OTClean: Data Cleaning for Conditional Independence Violations using Optimal Transport
arxiv(2024)
摘要
Ensuring Conditional Independence (CI) constraints is pivotal for the
development of fair and trustworthy machine learning models. In this paper, we
introduce , a framework that harnesses optimal transport theory for data
repair under CI constraints. Optimal transport theory provides a rigorous
framework for measuring the discrepancy between probability distributions,
thereby ensuring control over data utility. We formulate the data repair
problem concerning CIs as a Quadratically Constrained Linear Program (QCLP) and
propose an alternating method for its solution. However, this approach faces
scalability issues due to the computational cost associated with computing
optimal transport distances, such as the Wasserstein distance.

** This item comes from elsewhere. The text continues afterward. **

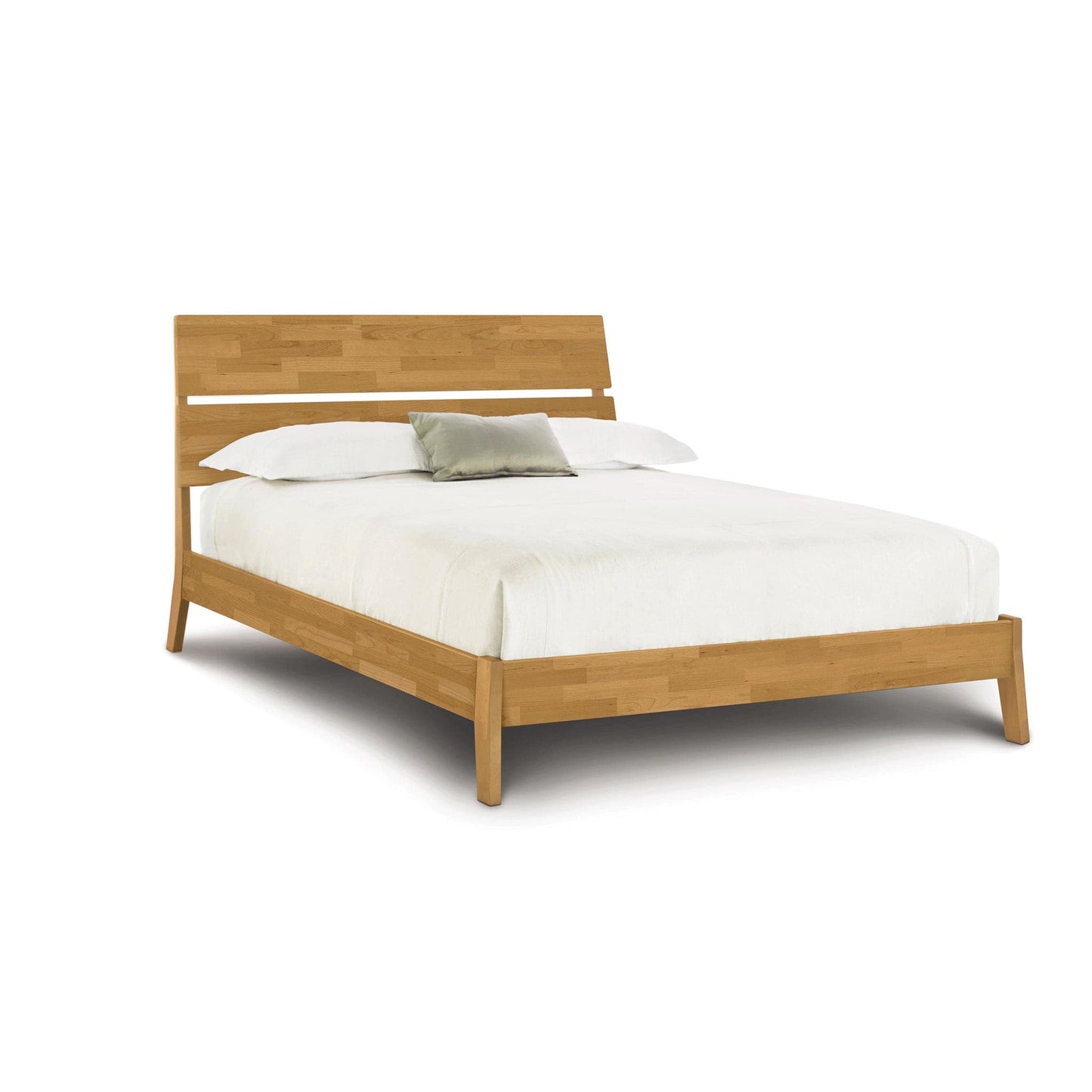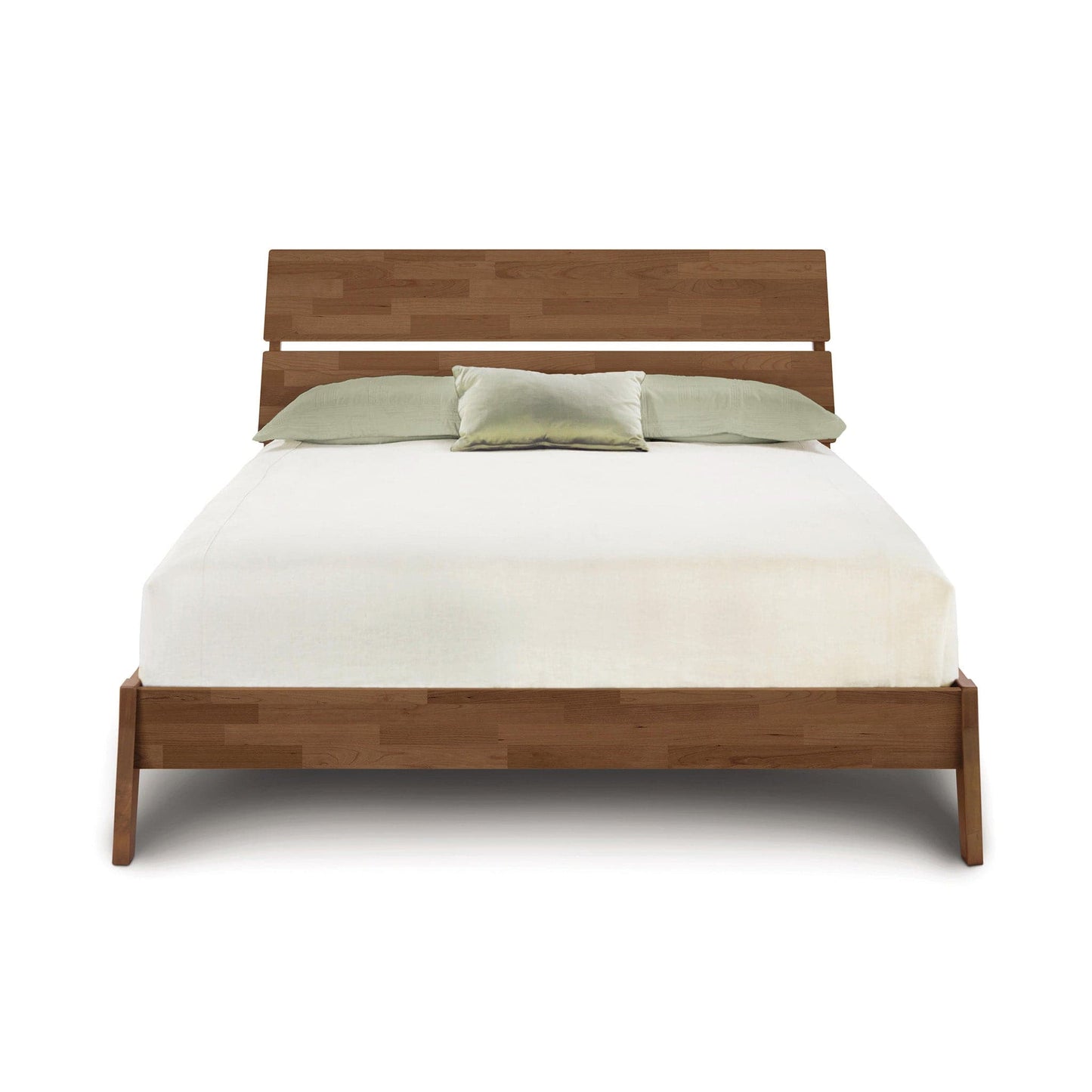 The Copeland Linn Platform Bed, crafted from upcycled lumber from the Copeland manufacturing process is a striking contemporary interpretation of Japanese Design principles, with a strong emphasis on natural materials and environmental responsibility--let's not waste that beautiful wood! Even more eye-catching, when joined together, the pieces on the Linn create a beautiful wabi-sabi patterning and pronounced horizontal orientation that even traditional Japanese Design appreciates. With the ever-so-slight angling in the headboard and legs, however, you can spot the Contemporary Japanese influence. The Copeland Linn collection is centerpieced by the practical and versatile Linn Platform Bed. The beautiful wood patterning almost distracts from the sturdy and solid construction of the Linn.

To overcome
these scalability challenges, we reframe our problem as a regularized
optimization problem, enabling us to develop an iterative algorithm inspired by
Sinkhorn's matrix scaling algorithm, which efficiently addresses
high-dimensional and large-scale data. Through extensive experiments, we
demonstrate the efficacy and efficiency of our proposed methods, showcasing
their practical utility in real-world data cleaning and preprocessing tasks.
Furthermore, we provide comparisons with traditional approaches, highlighting
the superiority of our techniques in terms of preserving data utility while
ensuring adherence to the desired CI constraints.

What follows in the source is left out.